The Federal Aviation Administration has an all-new drone testing program, dubbed BEYOND, in an effort to use private-industry testing and data to help better understand drones.
In a lot of ways, BEYOND is an extension of the Unmanned Aircraft System Integration Pilot Program (IPP), which was launched through a Presidential Memorandum in October 2017 with nine regional participants. Each of those nine participants then consisted of both government agencies and private companies, working in tandem to study various aspects of drones.
But that three-year program ended on Oct. 25, 2020. A day later, a new – and quite similar program — was born. Enter: BEYOND.
The BEYOND program, which officially launched on Oct. 26, continues the partnerships with eight of the original nine IPP participants. In this latest phase, the FAA is focusing on supporting companies that are operating under established rules rather than waivers. It’s also looking to collect data to develop performance-based standards, collecting and addressing community feedback and understanding the societal and community benefits, and studying how it can streamline the approval processes for UAS integration.
“The IPP propelled the American drone industry forward, allowing for unprecedented expansions in testing and operations through innovative private-public partnerships across the country,” said U.S. Chief Technology Officer Michael Kratsios in a prepared statement. “Now, the BEYOND program will build upon this success, tackling the next big challenges facing drone integration.”

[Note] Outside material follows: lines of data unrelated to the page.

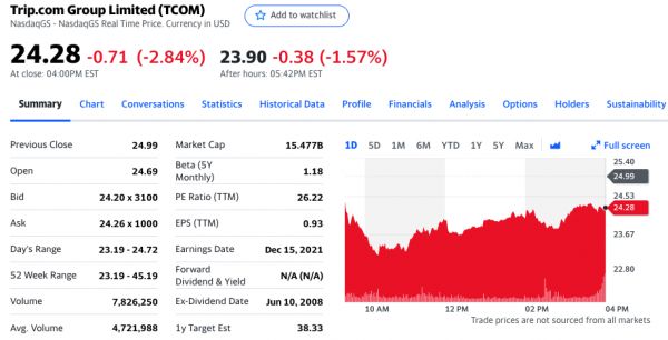 携程周三在纳斯达克交易所的开盘价为24.69美元。截至周三收盘,携程股价下跌0.71美元,报收于24.28美元,跌幅为2.84%。截至美国东部时间周三17:42分(北京时间周四6:42分),携程股价在盘后交易中下跌0.38美元至23.90美元,跌幅为1.57%。过去52周,携程股价最高为45.19美元,最低为23.19美元。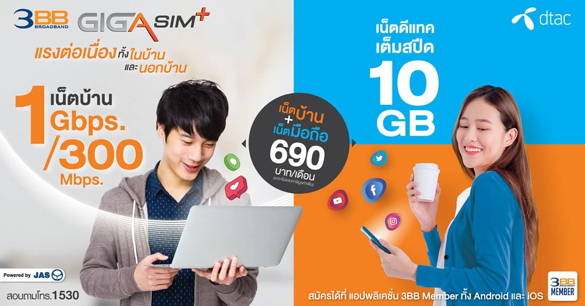 ทาง 3BB จึงจับมือพาร์ทเนอร์กับ dtac ออกแพ็กเกจใหม่ มีทั้งเน็ตบ้านความเร็ว 1 Gbps พร้อมเน็ตมือถือ 10 GB เพื่อตอบสนองความต้องการของกลุ่มผู้ใช้มีความต้องการใช้อินเทอร์เน็ตอย่างต่อเนื่อง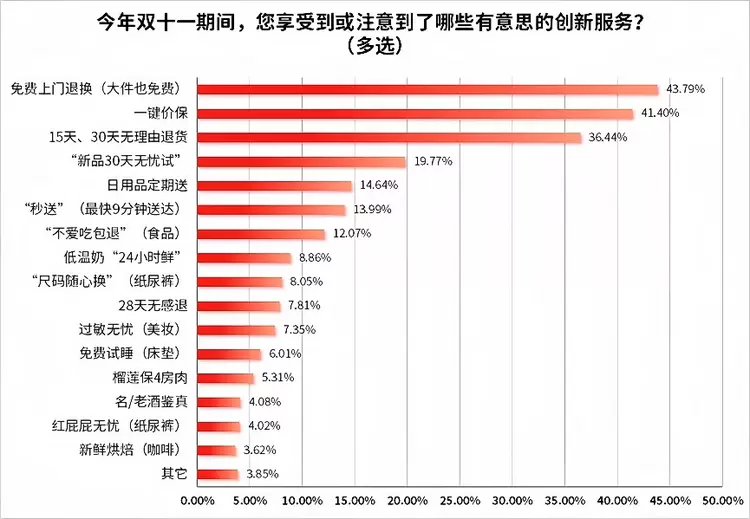 调查数据显示,在双十一期间,受访者享受到了或注意到了多种创新服务,这些创新服务在很大程度上提升了消费者的购物满意度。其中,免费上门退换、价保、15天/30天无理由退货等已成为各大电商平台的标配服务。然而,京东在此基础上进一步推陈出新,推出了如不爱吃包退、名酒鉴真、24小时鲜、28天无感退等一系列独具特色的创新服务,这些服务不仅满足了消费者的多样化需求,更提升了消费者的购物体验。

Oddly though, BEYOND only includes eight of the nine state, local and tribal governments that originally participated in the IPP program.
The IPP participants continuing in the BEYOND program are:
- Choctaw Nation of Oklahoma
- Innovation and Entrepreneurship Investment Authority of Virginia
- Kansas Department of Transportation
- Memphis-Shelby County Airport Authority
- North California Department of Transportation
- North Dakota Department of Transportation
- City of Reno, Nevada
- University of Alaska-Fairbanks
Missing from the new BEYOND program: The City of San Diego in California. They cited financial constraints (FAA funding is minimal).

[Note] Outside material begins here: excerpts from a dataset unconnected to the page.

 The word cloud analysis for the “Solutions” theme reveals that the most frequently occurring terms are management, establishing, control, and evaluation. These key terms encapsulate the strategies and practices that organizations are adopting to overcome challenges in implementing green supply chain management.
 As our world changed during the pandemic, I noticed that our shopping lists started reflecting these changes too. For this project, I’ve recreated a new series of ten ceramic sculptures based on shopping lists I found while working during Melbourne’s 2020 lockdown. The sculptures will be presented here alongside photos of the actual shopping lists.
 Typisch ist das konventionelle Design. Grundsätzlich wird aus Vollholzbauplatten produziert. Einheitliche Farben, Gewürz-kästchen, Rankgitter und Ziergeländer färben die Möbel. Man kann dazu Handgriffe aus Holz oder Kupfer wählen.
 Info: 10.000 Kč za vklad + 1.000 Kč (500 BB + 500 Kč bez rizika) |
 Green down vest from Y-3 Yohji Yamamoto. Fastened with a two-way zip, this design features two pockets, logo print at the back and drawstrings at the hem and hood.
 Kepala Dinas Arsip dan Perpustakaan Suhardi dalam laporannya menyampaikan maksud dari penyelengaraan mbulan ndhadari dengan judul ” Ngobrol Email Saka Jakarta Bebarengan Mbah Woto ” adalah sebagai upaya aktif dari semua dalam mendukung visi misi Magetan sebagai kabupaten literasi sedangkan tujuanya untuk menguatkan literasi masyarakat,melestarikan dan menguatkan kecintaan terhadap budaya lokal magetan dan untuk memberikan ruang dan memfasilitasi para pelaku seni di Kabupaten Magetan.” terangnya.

San Diego’s program had been using drones for a few reasons including primarily border protection and package delivery of food.
But while what’s essentially IPP 2.0 dropped a major regional participant, it has some newcomers on the private industry. The BEYOND program added new private companies as participants.

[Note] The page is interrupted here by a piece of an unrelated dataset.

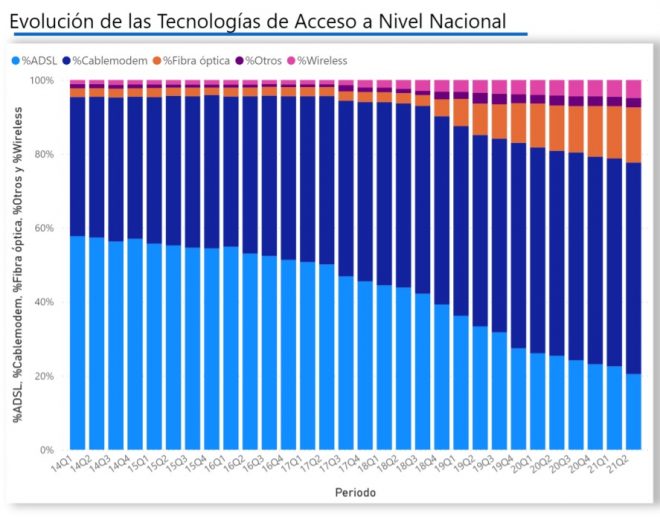 No obstante la ralentización del crecimiento de la fibra óptica, en general la Argentina sigue teniendo una muy buena penetración del acceso a Internet en los hogares. Durante el primer semestre de 2021, el país registró un incremento del 9,2% en el total de accesos fijos a Internet, que en junio llegaron a 9.863.084 accesos, lo que representa una penetración de 69 hogares por cada 100. Como es razonable, cae el ADSL -acceso por par de cobre telefónico-, crece el cablemódem y crecen lentamente la fibra óptica y las tecnologías inalámbricas (muy utilizadas por ISP pymes en áreas de baja densidad poblacional).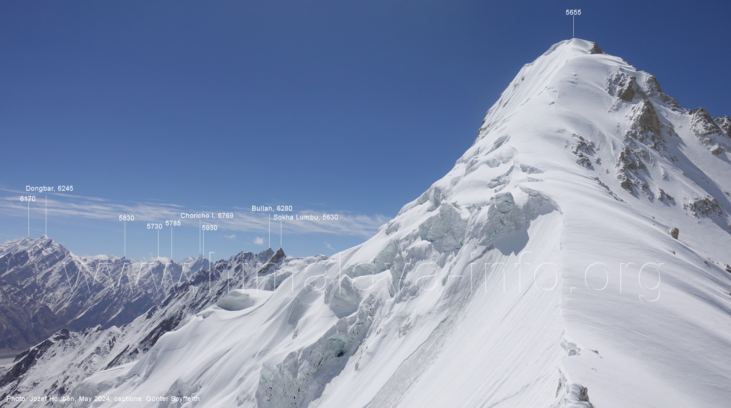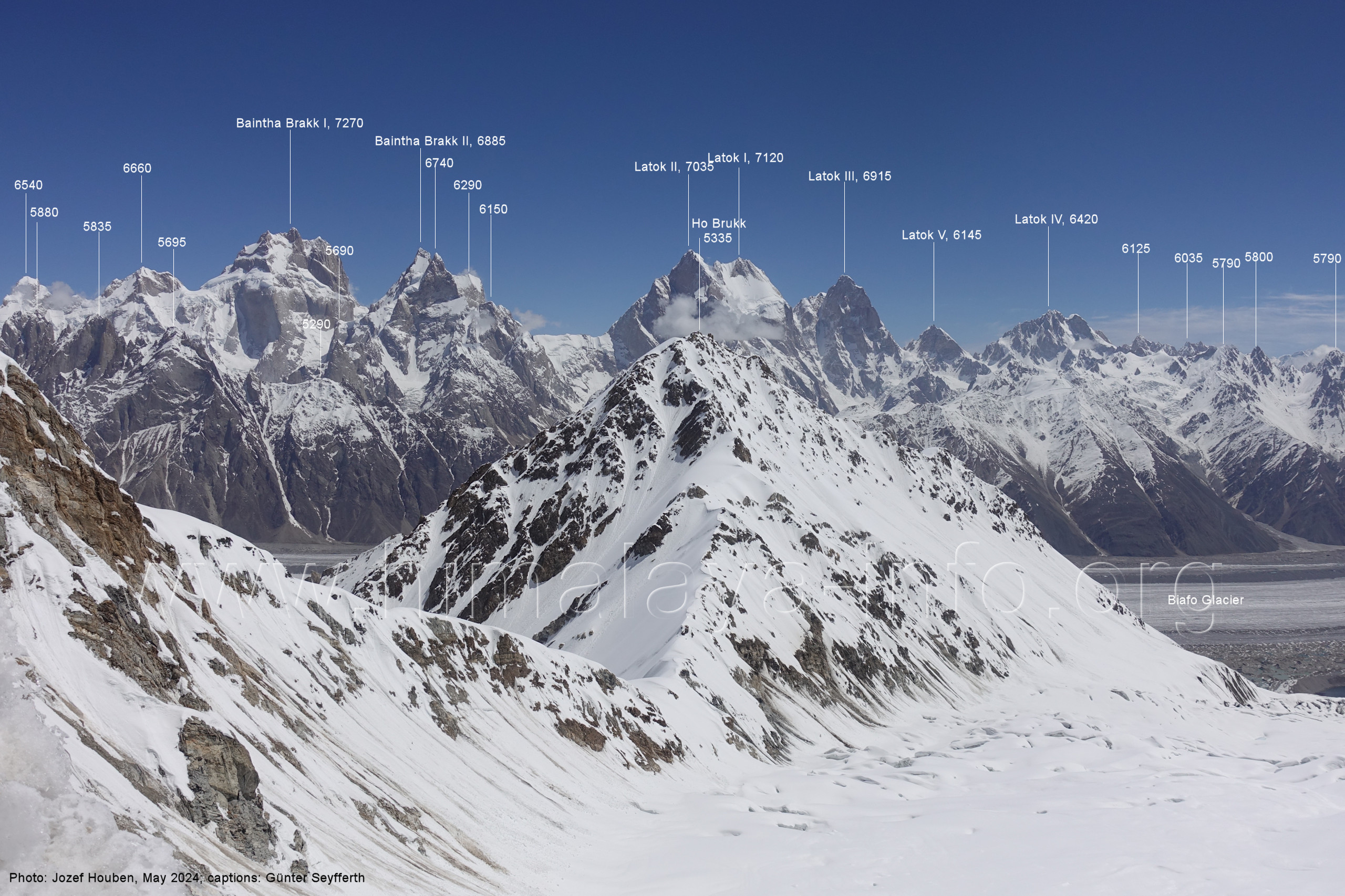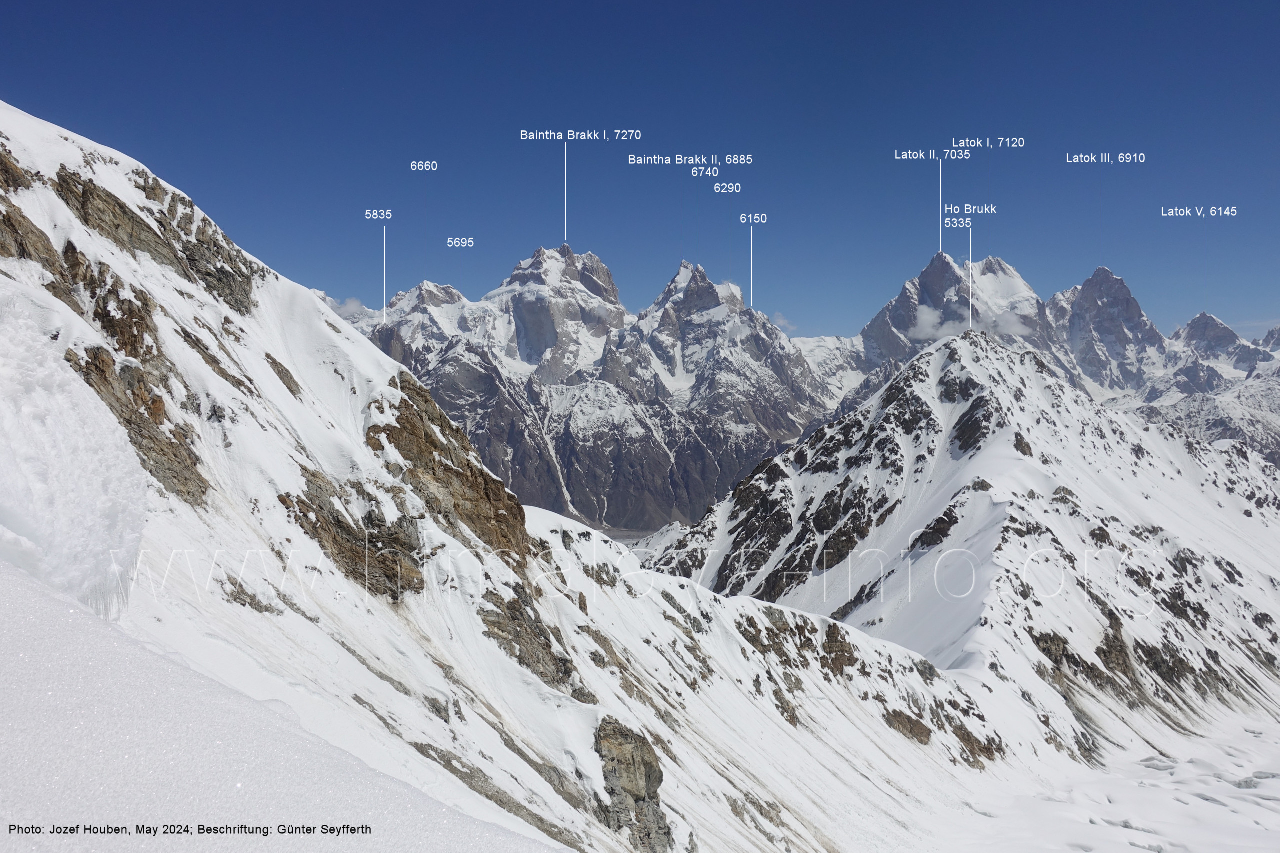 den Luftbildern am Beginn der Beschreibung. Der Baintha Brakk I ist der höchste Gipfel dieser Region im Zentrum des Karakorum. Foto: Jozef Houben, Mai 2024; Beschriftung: Günter Seyfferth

Among them, Wichita, Kansas-based AgEagle, which uses drones for advanced aerial imagery, data collection and analytics technologies. AgEagle has already been on a tear in recent months, having also recently announced a a two-year exclusive manufacturing contract that enables AgEagle to produce Valqari’s patented Drone Delivery Station, essentially a mailbox that could go in your yard designed to solve the “last inch” logistic problems associated with drone deliveries.